Greetings! Thanks for your response.
Well, you can put this script into practical use. some of them are:
1. Serves as a ready index reference document to a DBA or others who are associated with the database.
2. Indexing strategy facilitates faster access, enforce constraints & business rules, hence, attracts greater importance in an application. This script generates clear and precise index definitions without much difficulty, hardship or effort. Further, you may modify/customise it making it more suitable for your requirement.
3. dbschema is not designed to generate index only definitions. In the full schema definition they are flung into multiple lines, leading to difficulty in selecting all those lines of information.

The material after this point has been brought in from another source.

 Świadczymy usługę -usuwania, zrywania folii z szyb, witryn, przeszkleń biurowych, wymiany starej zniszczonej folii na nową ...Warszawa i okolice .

Test the following command and draw your conclusion:
dbschema -d <your_db_name> -ss | egrep -i "create unique index|create index| in " | pg
4. As informix documents suggests, it would be favorable or advantageous to drop and recreate all existing indexes on certain frequency. This reduces the index extents interleaving or fragmentations and improves index performance. By using the SQL scripts generated by this utility one may automate this process.

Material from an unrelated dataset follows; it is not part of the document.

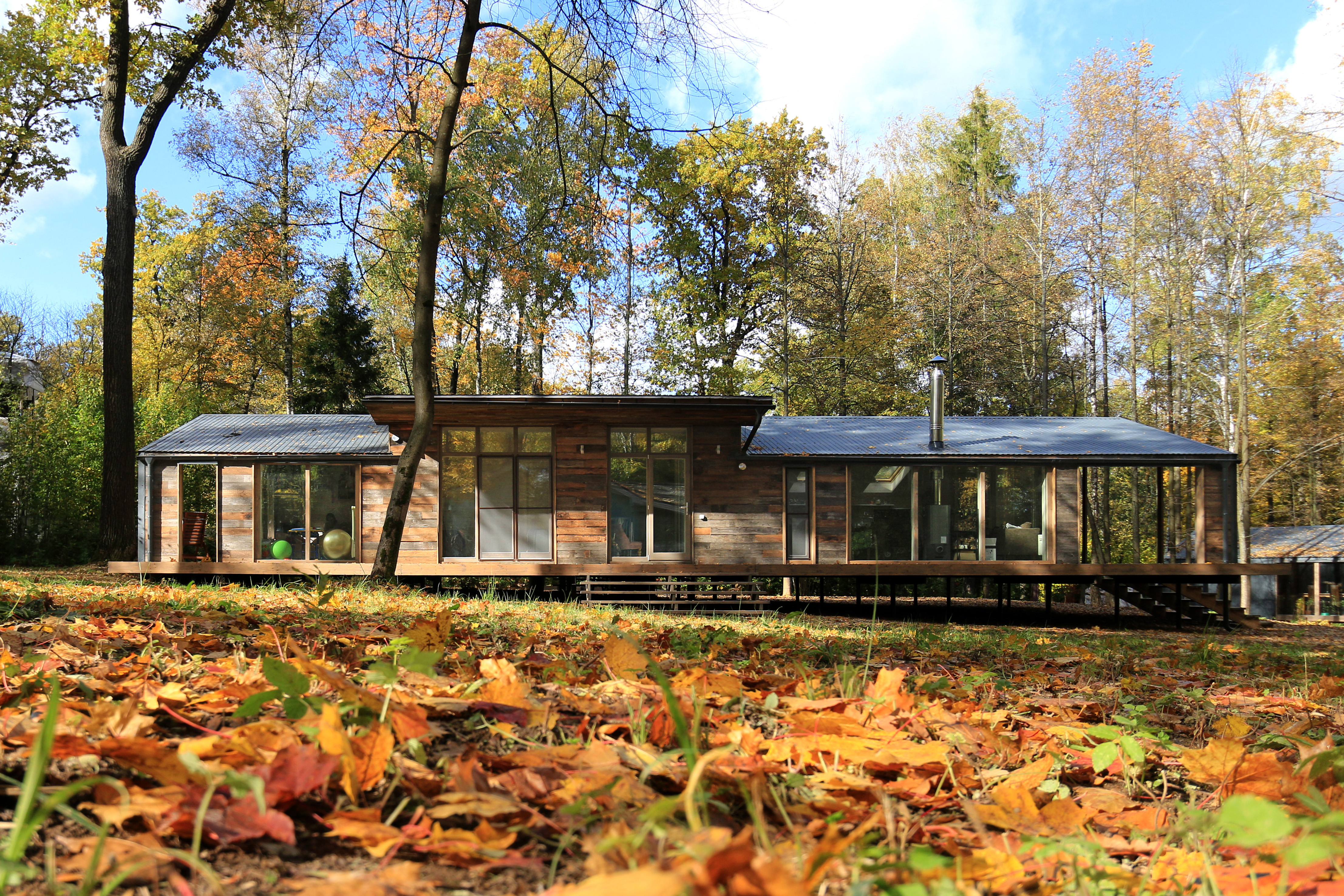 Дом находится недалеко от Москвы, но из-за застекленного фасада, обращенного к лесу, создается ощущение, что ты на дикой реке где-то в лесной чащи. Ветер разворачивает дом в разные стороны и картина за окном все время меняется.

Just did a dbexport to defrag a DB, I modified the initial extent/next extent numbers where needed, and dbimported.
I got the following info using oncheck -pT.
The table I'm using for an example has all data pages in the 1st extent (extent size 82837, next size 8283) as expected but the initial extent size for all indexes ranges from 757 to 1818 and next extent size ranges from 7 to 18.

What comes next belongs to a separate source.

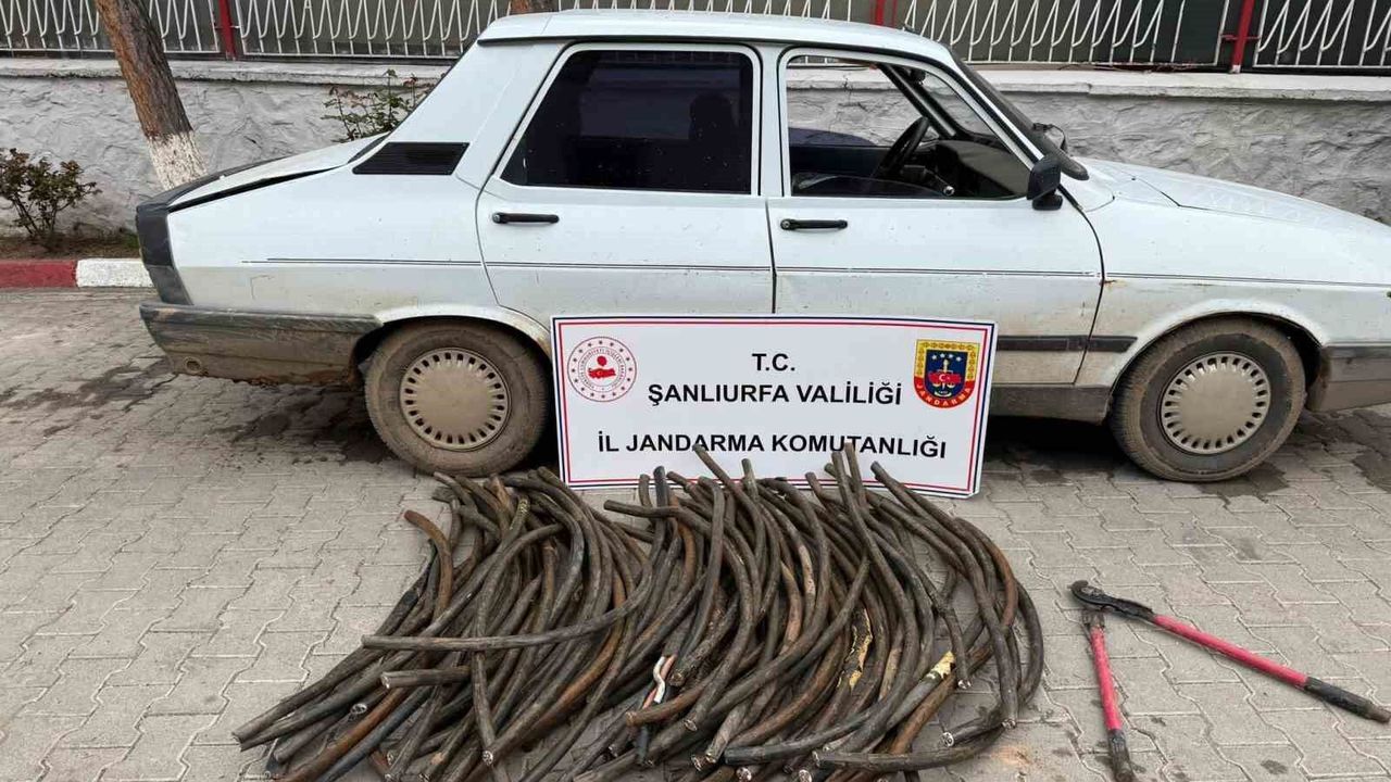 Şanlıurfa'da, Tarım İşletmeleri Genel Müdürlüğü (TİGEM) Ceylanpınar Tarım İşletmesi arazisinde devriye gezen jandarma ekipleri, kablo hırsızlığı yaptığı belirlenen bir şahsı suçüstü yakaladı. Araçta yapılan aramada 69 sulama kuyusundan kesilen kablolar ele geçirildi, Yapılan incelemede zararın kuruma maliyetinin 1 milyon TL'yi aştığı bildirildi.

Some indexes have 60+ extents right after defragging.
I know that extents created contiguously are treated as one extent but where are the initial extent/next extent #'s for extents coming from? I thought these numbers would be inherited from the table but they're not so I'm confused.
Any index extents created later due to database activity will be heavily fragmented quickly with these very small next extent sizes.
Sorry for the delayed response from my side. I have a question; Do you have detached indexes? I mean, is your indexes are created in other space than where the tables are created? If your answer is No, then your are in serious trouble.
Assume that a table has an initial extent of 'n' number of pages by default. It is possible that it might contain primary key, which is enforced via a unique index, again on which a dba has no control as for the storage location specification is concerned. Hence, certain pages out of those 'n' number of pages will be used for primary index storage. You may have non-primary indexes present too. Again it will also be split or adjusted with those 'n' number of pages. This way the extent will fill-up in faster pace and next extent will be spawned, leading multiplicity of extents.
On the contrary, if you have created the indexes in separate dbspace, you get most of the pages present in the extent for index storage barring bit-map stored (overhead) pages. As a result you get a contiguous index storage area, leading to less fragments and extents.
Theoretically speaking, a detached index should derive its initial and next extents from the attached table definition. However, in practice it does not! I have notice around 10-20% reduction in effective index extent usages. That means if you got a table having initial extent size of 80,000 Kb, you will have a index intial extent of around 68,000 Kb. or evern lesser. But, it obvious that greater the size of table exetents, greater would be the index extents too.
The indexes are detached, located in a separate dbspace.
We are a PeopleSoft shop so many of the tables (14K+) have 7+ non-primary indices & I find it alarming that a highly volatility table will have indices (primary & non-primary)with initial extent / next extent sizes that are ridiculously small.
Some indices have an initial extent size that is 1% of table's initial extent size so I guess I just have to accept this as the way Informix intends the IDS product to function.
Hello mjldba,
Can you fill me in on why you went with seperating your indices from there tables? I have been considering trying this to improve peformance on at least one VERY HUGE table but I have been a little nervous and I wonder how I might gauge the return if any?
This is actually a question better answered by someone like Shriyan who has achieved IDS guru status in my book.
I separate indices from data in different dbspaces because it was recommended by a friend with many yrs of IDS experience. It also allows me to spread the index load / data table load across different HD's easily.
I suspect you might see some performance improvement by intentionally fragmenting the huge table across many spindles but this is something I've never tried and I would not want to lead you astray with untested / untried info.